When it comes to digital source criticism, the methods and tools that philologists (and musicologists, linguists, historians, etc.) use to evaluate information during their investigation have a long tradition for printed texts and visual corpora, but they are still lacking to a large extent for digital (multimedia, therefore complex) resources.
Are the classical tools and methods still usable in the digital domain? How does the fact that in the digital age making an exact copy is possible, affect these tools and methods? What should new tools and methods look like? How do the content-wise and technical discussions in this matter interact?

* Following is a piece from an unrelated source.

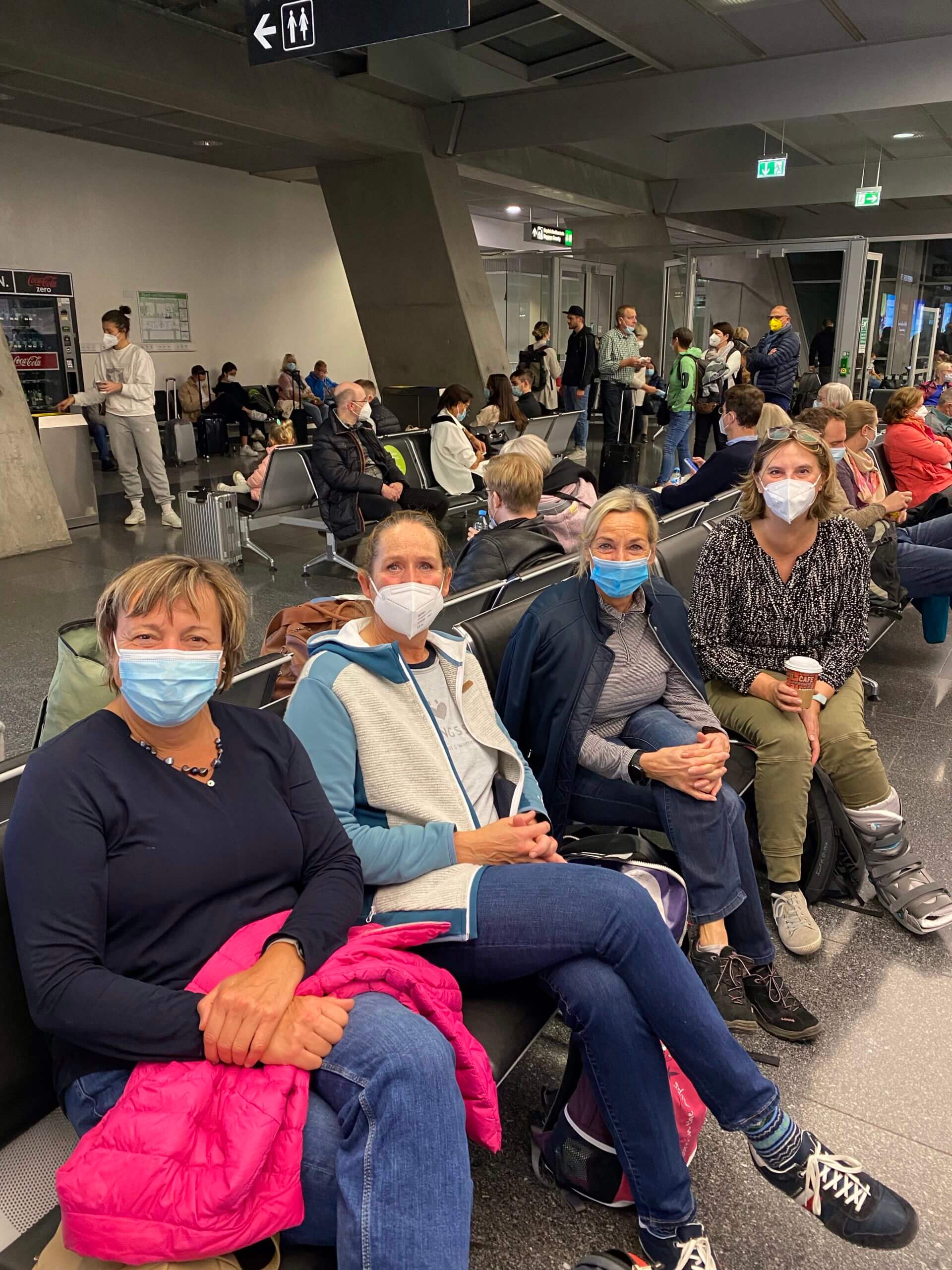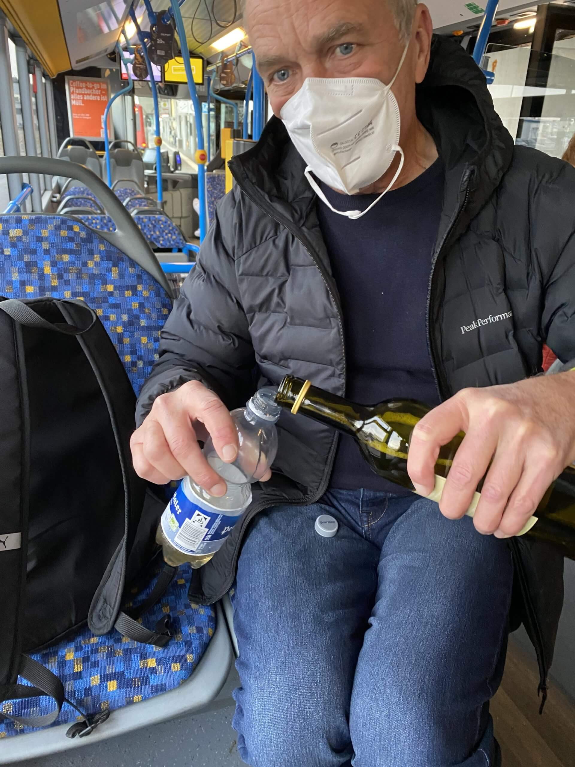 Wir verabschieden uns von unseren Mitreisenden und begeben uns zur Bushaltestelle. Ohne lange Wartezeit können wir wenig später den Bus besteigen und Rolf öffnet die mitgebrachte Weinflasche. Da werden wir gleich ganz böse von einem schwäbischen Spießer angemacht, weil wir zum Trinken kurz unseren Gesichtslappen lüften müssen. Wir informieren den guten Mann, dass man im Flugzeug zum Trinken auch den Lappen entfernen darf und bieten ihm an, unseren Impfausweis zu zeigen. Da gibt er Ruhe.

What are the topics? The papers may represent a variety of theoretical perspectives and different methodological approaches. Submissions examining all areas of active and passive preservation and restoration of audio/multimedia documents are strongly encouraged, in particular:
- Digital philology: new concepts, methods and tools;
- Preservation of audio documents: principles, guidelines, approaches, reflections;
- Preservation of multimedia documents: challenges and possibilities;
- Preservation of interactive (art)works;
- Audio signal restoration;
- Digital representation of human-machine interaction;
- Computational paradigms for audio archives;
- Music information retrieval;
- Metadata in audio/multimedia archives;
- Copyright and privacy issues in preservation and distribution;
- Studio reports from the main audio/multimedia archives involved in original preservation projects.
What is the deadline? Submit your paper by 1 November 2017.